大きな美術館の展示は展示自体のデザインも結構おもしろいですね。
ということで、今回は国立新美術館で開催中の「大エルミタージュ美術館展」のおはなし。
ロシアのエルミタージュ美術館所蔵の作品が展示されています。マティスの《赤い部屋(赤のハーモニー)》を鑑賞できる絶好の機会です。
大エルミタージュ美術館展 世紀の顔・西欧絵画の400年
http://www.ntv.co.jp/hermitage2012/
展示は年代別の5章構成となっています。
第1章:16世紀=人間の世紀(ルネサンス)
展示にはヴェネチア派と呼ばれる画家たち作品が展示されています。

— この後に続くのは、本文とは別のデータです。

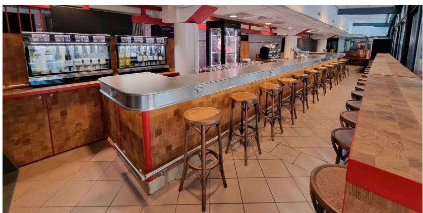
Fabrication et pose d'agencement sur mesure, Maison Louchebem

Le suivi de chantier est le reflet de l'évolution de votre projet. Nos chargés de projet sont à votre disposition tout au long des travaux pour coordonner les interventions et vous rendre compte de l'évolution afin de vous soulager des contraintes techniques.
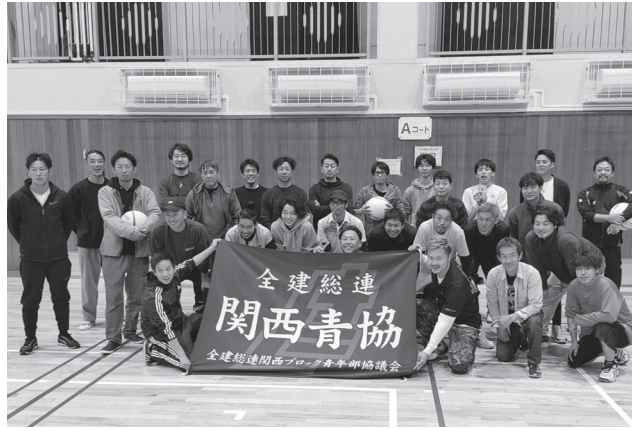
関西青協参加者のみなさん

色彩にあふれた風景や肖像画が魅力的です。
ロレンツォ・ロットの「エジプト非難途上の休息と聖ユスティナ」やバルトロメオ・スケドーニの「聖家族と洗礼者ヨハネ」など色彩と光の表現が豊かな作品を見ることができます。
第2章:17世紀=黄金の世紀(バロック)
ルネサンスと比べて劇的でダイナミックな印象を与えるバロック様式の絵画が数多く展示されています。
ペーテル・パウル・ルーベンスの「ローマの慈愛(キモンとペロ)」やレンブラント・ファン・レインの「老婦人の肖像」など対象の感情がにじみ出ているような作品やウィレム・クラースゾーン・ヘダの「蟹のある食卓」のような質感豊かな静物画などが展示されています。
第3章:18世紀=革命の世紀(ロココ・新古典派)
繊細で優美な印象のロココ派の絵画と厳格な印象の新古典派。様式の変化に時代の流れを感じます。

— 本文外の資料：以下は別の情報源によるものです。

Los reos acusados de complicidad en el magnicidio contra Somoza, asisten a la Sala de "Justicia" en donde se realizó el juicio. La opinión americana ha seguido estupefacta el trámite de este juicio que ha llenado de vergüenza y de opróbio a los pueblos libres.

フランソワ・ブーシェの「クピド」、ピエール=ナルシス・ゲランの「モルフェウスとイリス」などに見る繊細な肌の質感、ライト・オブ・ダービーの「外から見た鍛冶屋の光景」のような文明側の光と自然側の暗闇の対比など、見所満載です。
第4章:19世紀=進化する世紀(ロマン派・写実派・印象派・ポスト印象派・新印象派)

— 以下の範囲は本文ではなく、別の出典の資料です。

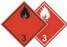
N°3 Danger de feu (matière liquide inflammable)
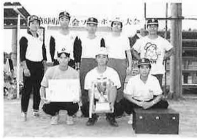
Bブロック優勝 川島ガス
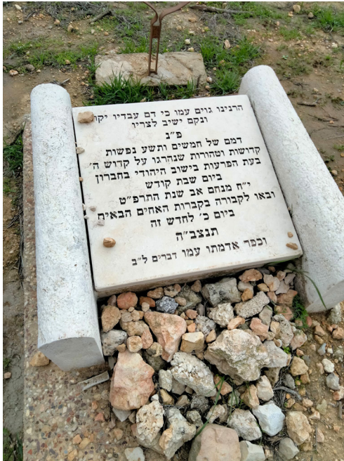
איור 9: לוח הנצחה בבית העלמין בחברון לחללי פרעות תרפ"ט

עם הקמת המדינה דיברו איתי על בחורי הישיבה אחד מגדולי
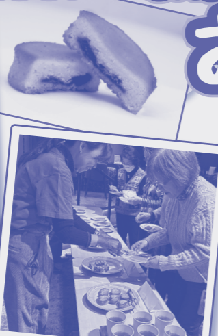
♥️🔄 バイキング形式で選ぶ体験から!
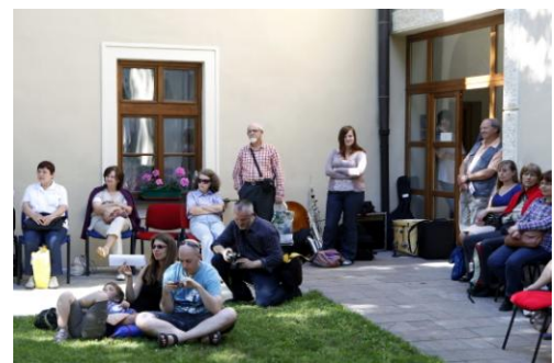
Фото 6. Зона отдыха и развлечения

интерьере библиотеки можно создать приятную и, прежде всего, более здоровую рабочую среду для сотрудников в современных холодных офисных помещениях. Зелень поощряет творчество и, таким образом, повышает производительность труда. Зелень на рабочих местах снижает агрессию и стресс и повышает концентрацию сотрудников и читателей. Устранение негативных факторов повысит приверженность к работе и к учёбе. Кроме того, современные цветочные горшки упрощают уход за растениями до минимума, поэтому опасения по поводу требовательного ухода неуместны. В помещении библиотек, где находится зелень, повышается влажность воздуха, уменьшается пыль и шум, устраняется статическое напряжение. Библиотечные работники и читатели чувствуют себя комфортнее. Таким образом, с помощью зелени мы можем создать более гармоничную и, что не менее важно, более здоровую среду в нашей библиотеке. Современные возможности выращивания растений гидропонным способом, т.е. без почвы в питательном растворе решают проблемы размещения растений в зонах с повышенными требованиями к гигиене. Этим критериям соответствуют гидропонные установки, поэтому их можно размещать и в помещениях библиотеки.
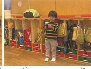
お互いの理解をより深められる時間に

ロマン派のドラクロアやサロンから抜け出た印象派など、このころから新しい表現が多く見られます。
ウジューヌ・ドラクロアの「馬に鞍をおくアラブ人」の力強いタッチや、クロード・モネの「霧のウォータールー橋」の淡い印象、モーリス・ドニの「母と子」のような平坦な表現など、この時代の表現の多様性を追うことができます。
第5章:20世紀=アヴァンギャルドの世紀(フォービズム ・キュビズム)
フォービズムとキュビズムという大きな流れのうちフォービズムの代表であるマティスを中心とした作品を見ることができます。
アンリ・マティスの「《赤い部屋(赤のハーモニー)》」やアンドレ・ドランの「港」ような自由さを感じるフォービズムの作品やパブロ・ピカソの「マンドリンを弾く女」やアメデ・オザンファンの「食器のある静物」のようなキュビズムの始まりを見ることができます。
ということで、
およそ400年にわたる美術の大きな流れを感じることのできる展示です。
作品の年代をくらべてみて、時間の流れの中にある社会の変化や、それにともなう文化の遷移などを感じてみるのもおもしろいものですね。作品をみると世界のとらえ方が変わっていった様子がうっすらとわかります。
時代の印象と章ごとの壁の色が合わせられているようで、それもよかったです。
展示は2012年7月16日まで。お時間がある方はぜひ。